Begin at the line containing "Joyeux Fêtes !" in the records below, end at the line containing "This is the", and retype each line in that span exactly. No other line and no image should appear.

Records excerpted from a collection
════

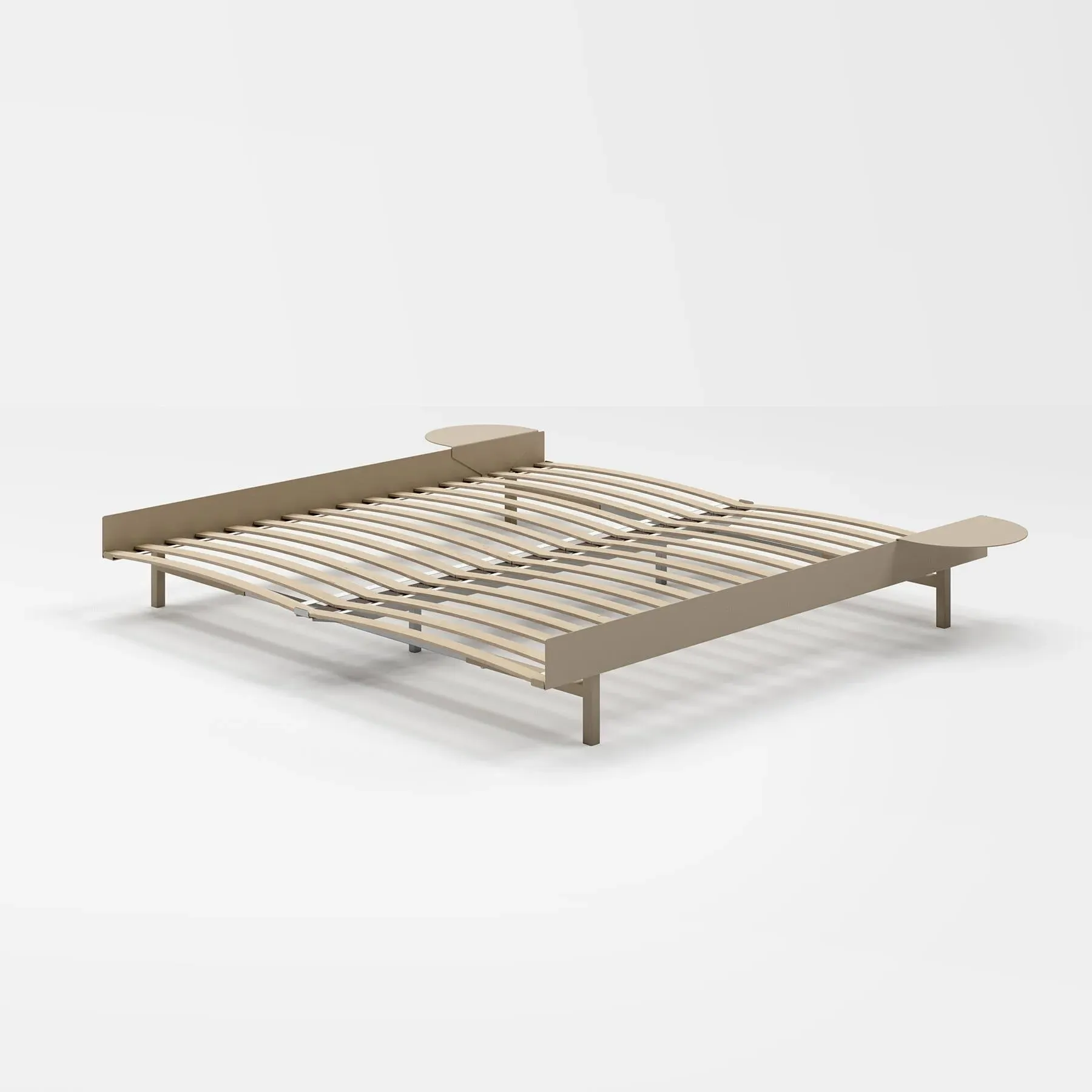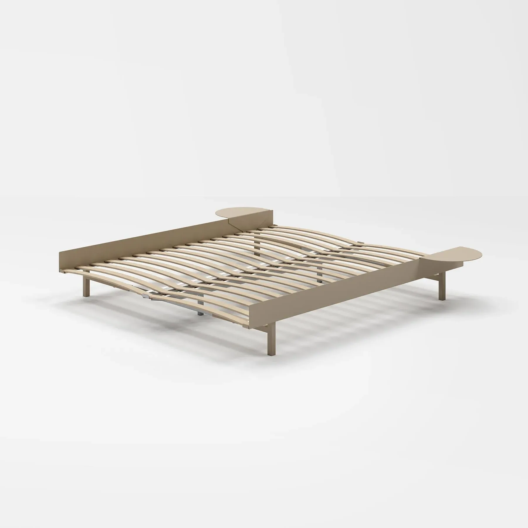 Certified with the EU Ecolabel, MOEBE’s Bed prioritises healthy indoor environments in your bedroom by using materials and paints that meet stringent standards. The bed comes in four stylish colours; black, sand, pine green, or dusty rose, and offers optional bedside table choices. The powder-coated steel frame combined with wooden beech slats ensures durability and visual appeal. Additionally, the optional half-moon-shaped bedside table adds extra functionality, providing space for bedside essentials and seamlessly complementing any bedroom style or decor. The MOEBE Bed, with its minimalist expression, offers a timeless and adaptable solution for your bedroom needs. Designed in 2021, MOEBE''s Bed is a versatile and fully customisable bed that can effortlessly transform from a single 90cm bed to a 140, 160, or 180cm wide bed (extender and upgraded slats sold separately). The flexibility of this bed allows it to adapt to various room sizes and needs, making it suitable for both children''s rooms and master bedrooms. The bed is designed to fit any length mattress, and if the need arises for a larger bed, a simple expander set is all that''s required. Please talk with one of our sales team who will be willing to help you. Note: Mattress and pillows not included.
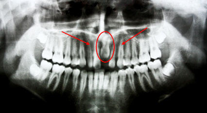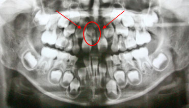 *This is a panoramic x–ray of a six–year old patient with an extra inverted tooth which was surgically removed to close the gap of the incisor.
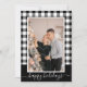Joyeux Fêtes ! Carte à plat photo personnalisable avec plaque de buffle noir et blanc à l'avant et à l'arrière avec typographie de script. Personnalisez en ajoutant votre photo et vos noms préférés. Voir notre site Web pour plus de cartes de Noël et d'idées de Noël—> www.tkmpartyprintables.com
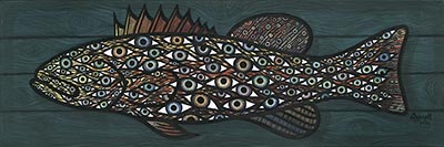 This is the painting that launched my ‘fish mounts’ series. Wanted to paint a crazy mounted trophy fish. And as I’ve mentioned several times I love fish, I love eyes, and I’m intrigued by animals evolving eyes as decoration to frighten predators. After this painting I got the idea to paint and ‘mount’ cutout fish. These are available under the first ‘Cutouts’ page.
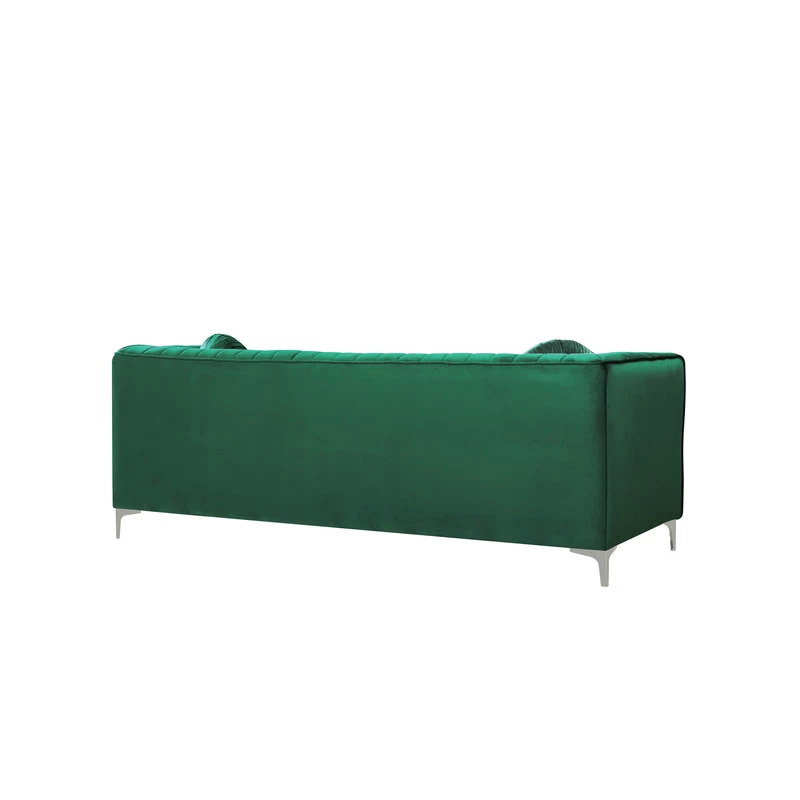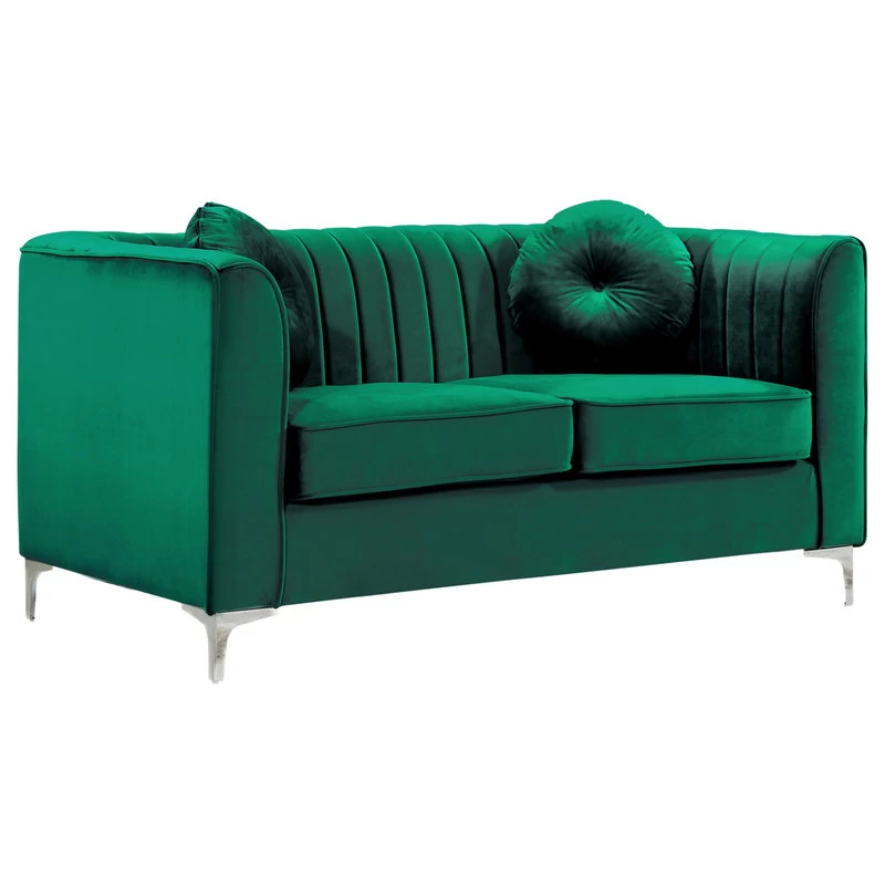 The Isabelle Collection by Meridian Furniture. Features beautifully designed velvet upholstery with custom chrome legs. This collection is guaranteed to be the highlight of any home. Throw pillows included.
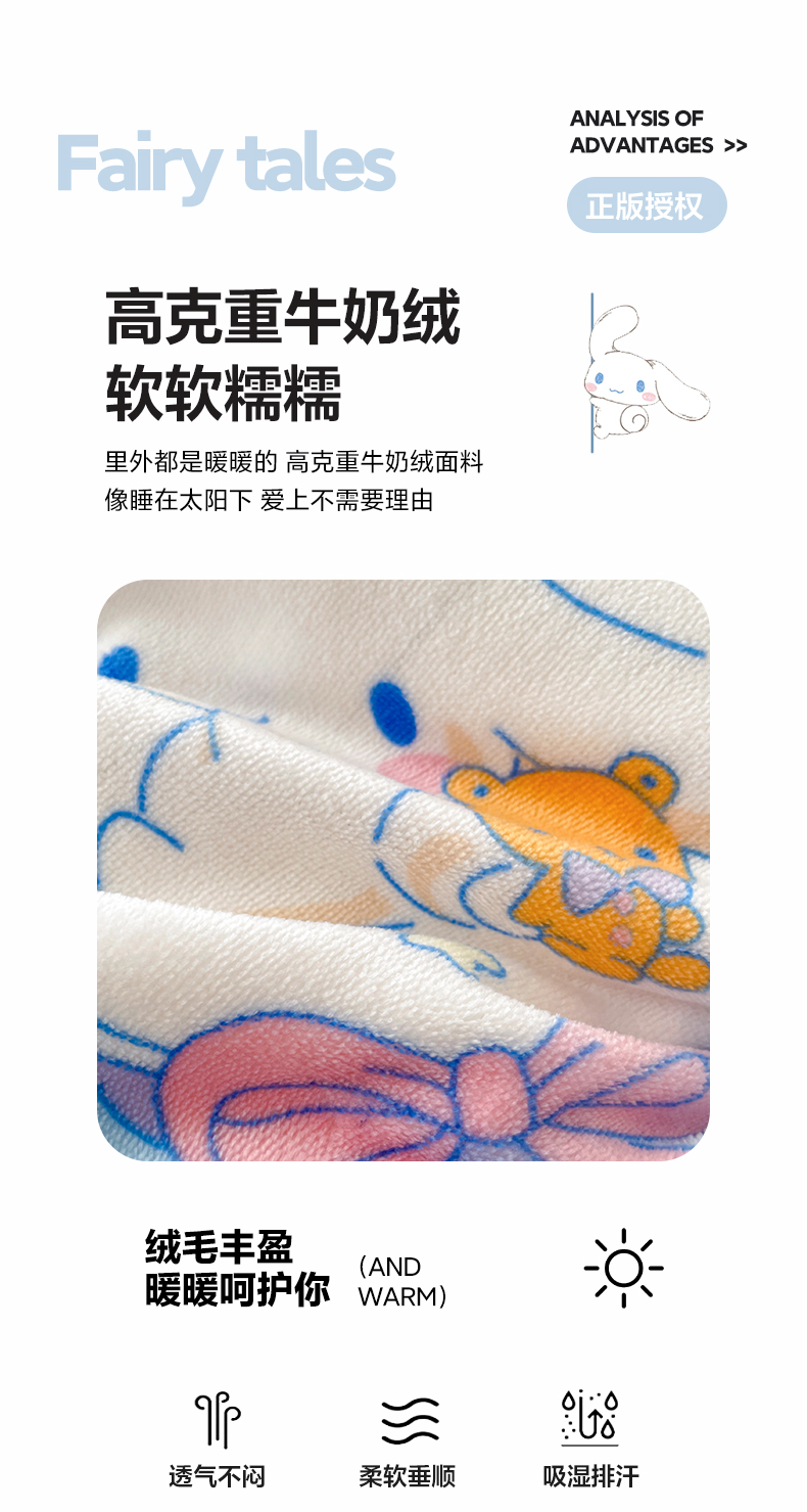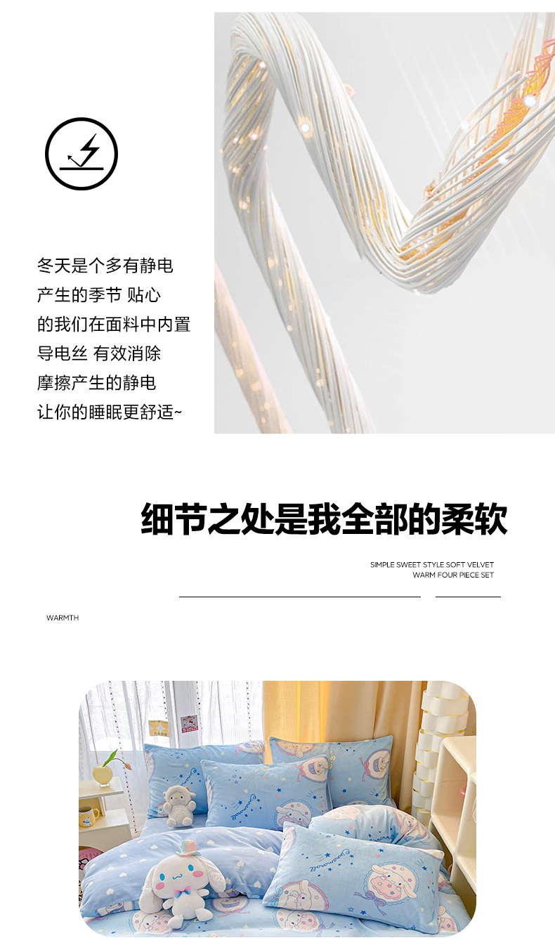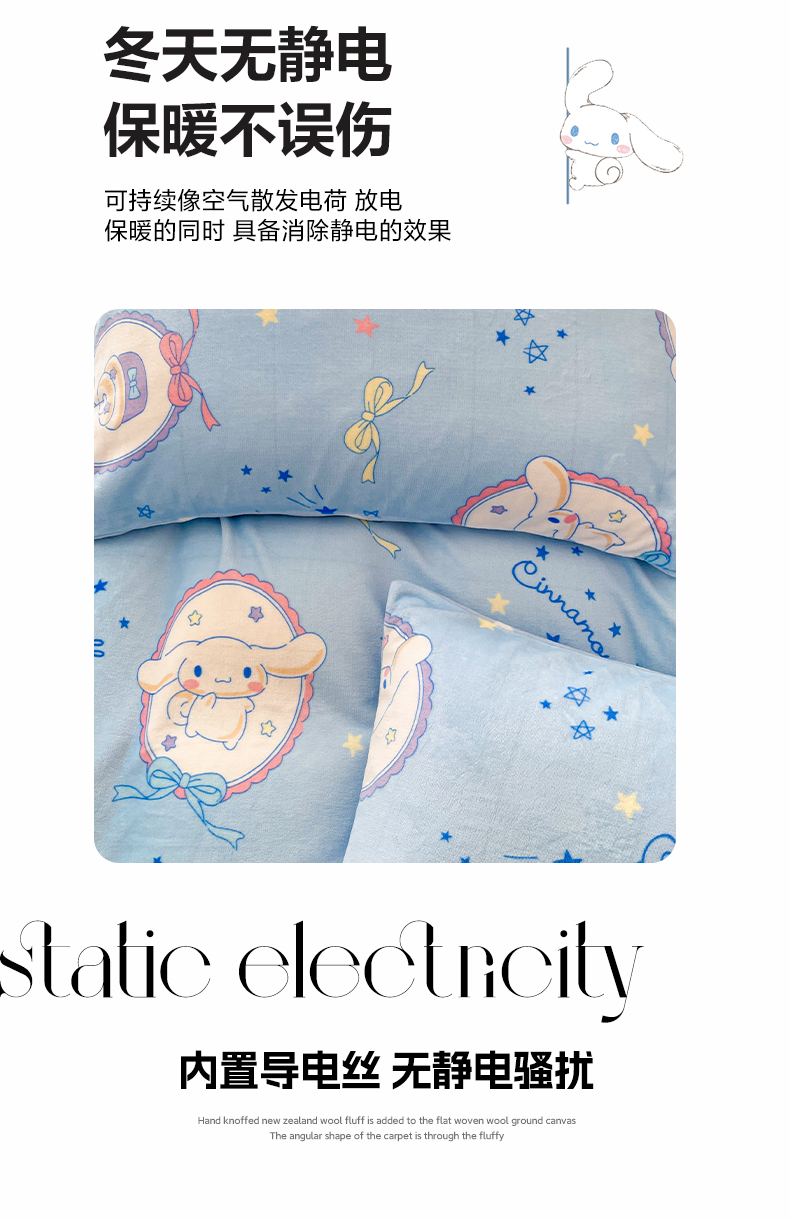 商品名称:博雅 2023三丽鸥正版授权卡通加厚牛奶绒系列四件套 玉桂狗奶油甜心

════

◆ Exercise output:
Joyeux Fêtes ! Carte à plat photo personnalisable avec plaque de buffle noir et blanc à l'avant et à l'arrière avec typographie de script. Personnalisez en ajoutant votre photo et vos noms préférés. Voir notre site Web pour plus de cartes de Noël et d'idées de Noël—> www.tkmpartyprintables.com
 This is the painting that launched my ‘fish mounts’ series. Wanted to paint a crazy mounted trophy fish. And as I’ve mentioned several times I love fish, I love eyes, and I’m intrigued by animals evolving eyes as decoration to frighten predators. After this painting I got the idea to paint and ‘mount’ cutout fish. These are available under the first ‘Cutouts’ page.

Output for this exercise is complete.